35.5.10 Sleep Mode Operation

The CAN module can be configured to operate in any idle sleep mode if both AHB and GCLK clocks are available. The CAN interrupts can be used to wake up the device from sleep mode.

The CAN module has its own low power mode that may be used at any time without disabling this module. This is performed by writing one to the Clock Stop Request bit in the CC Control register (CCCR.CSR bit (CCCR <4>) = 1). Once all pending transactions are completed and the idle bus state is detected, the CAN will automatically set the Clock Stop Acknowledge bit (CCCR.CSA bit (CCCR <3>) = 1). The CAN then reverts back to its initial state (CCCR.INIT bit (CCCR <0>) = 1), blocking further transfers.

To exit low power mode, CCCR.CSR bit (CCCR<4>) in CCCR register must be written to 0. Afterwards, the application can restart CAN communication by resetting bit CCCR.INIT bit (CCCR <0>).

After reset, the GCLK_CANx and CLK_CANx_AHB clocks are not requested, except for each APB bus access. However, after the CAN initialization, both GCLK_CANx and CLK_CANx_AHB clocks are requested as long as Clock Stop Request bit in the CC Control register is cleared (CCCR.CSR (CCCR<4>)= 0), and stopped when Clock Stop Request bit in the CC Control register is set (CCCR.CSR (CCCR<4>) = 1) and the Clock Stop Acknowledge bit is set (CCCR.CSA (CCCR<3>)= 1).

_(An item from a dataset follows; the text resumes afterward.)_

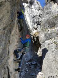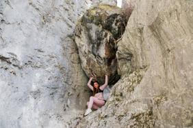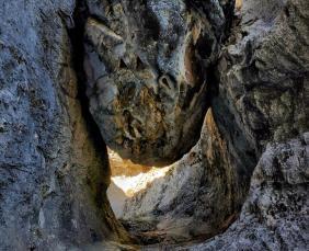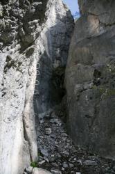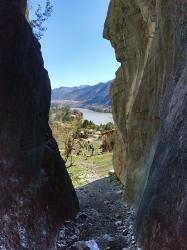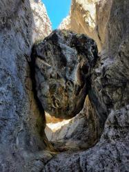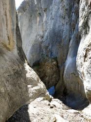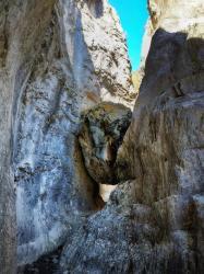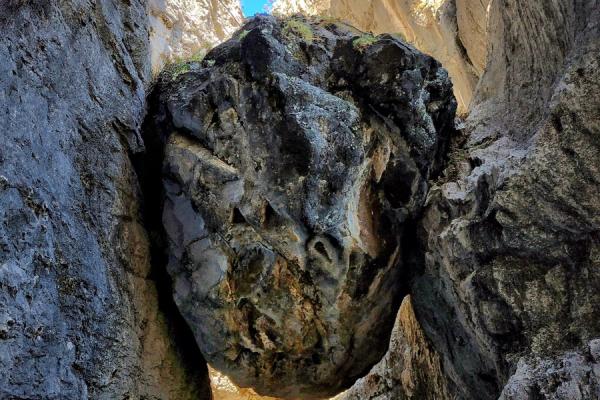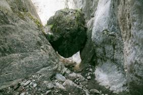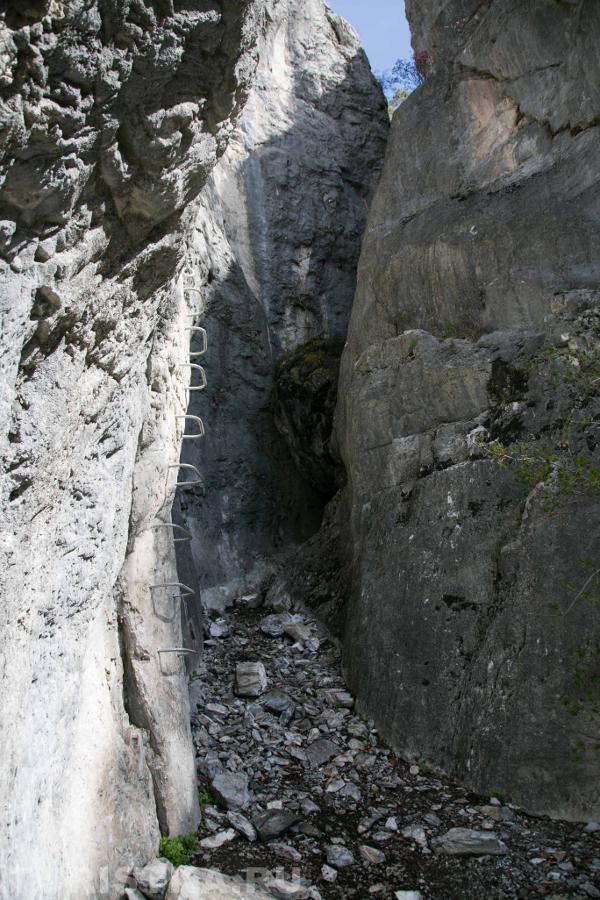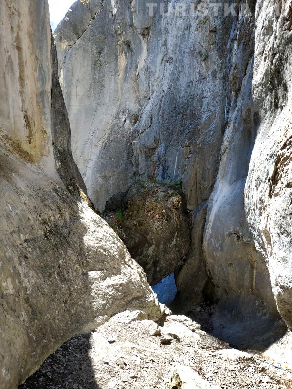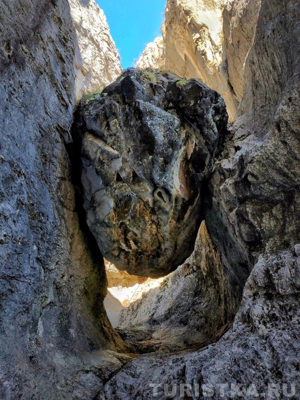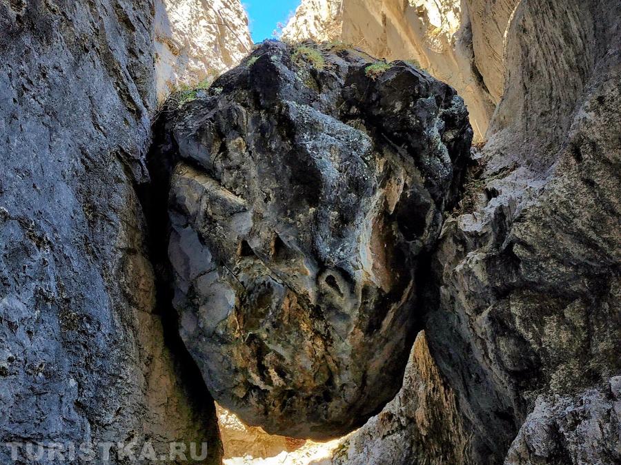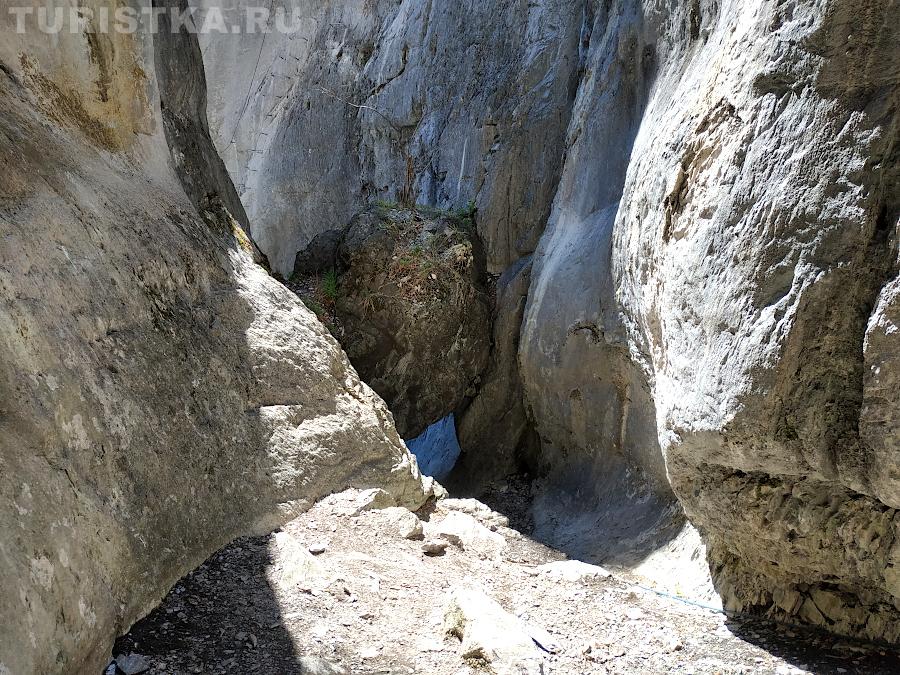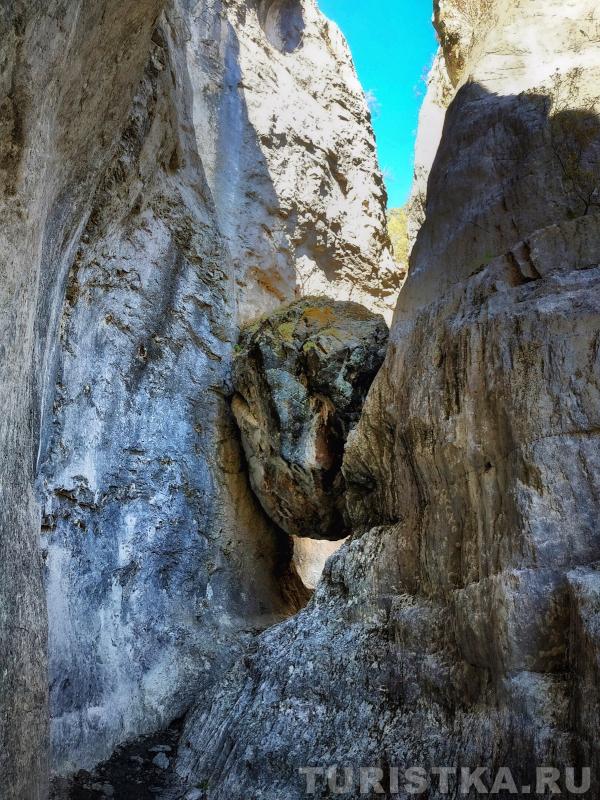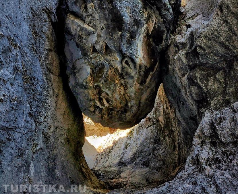 Он загораживает вход в узкий коридор скал, и чтобы туда пройти, придется пролезть под валуном. Для удобства под камнем протянуты капитальные перила, за которые можно держаться.

To limit the wake-up time latency, the CAN clock sources must be enabled in continuous mode (ONDEMAND of respective oscillator must be set zero). For further details, refer to the Clock System chapter.

In Standby sleep mode, when the RUNSTDBY bit is set (CTRLA.RUNSTDBY=1), the CAN IP is allowed to continue to run its operation.

When the RUNSTDBY bit is cleared (CTRLA.RUNSTDBY=0) and the Standby sleep mode is detected, a hardware mechanism will request the CAN peripheral to stop its operation, and enables the CAN low power mode automatically. The CCCR.CSR bit is automatically set to one as long as the stop request operation is active.

When all pending transmission requests have completed, the CAN waits until bus idle state is detected. Then the CAN sets the CCCR.INIT to one to prevent any further CAN transfers. The hardware stop request is acknowledged and the CCCR.CSA bit is set one. The clocks requests are switched off.

When the system exits the Standby sleep mode, CSR bit in CCCR register must be written to 0. Afterward, the application can restart CAN communication by resetting bit CCCR.INIT.

Note: In case of a heavily disturbed CAN bus, it may happen that an idle state is never reached and CCCR.INIT is therefore not set by the CAN. This situation can be detected by polling PSR.ACT. In case there is a risk the CAN does not enter idle state, it is recommended to use the software procedure to put the CAN in low power mode, before the system goes to Standby sleep mode. In this way, the software can write CCCR.INIT = ‘1’, which stops CAN communication immediately, regardless whether there is a transmission or reception ongoing or not.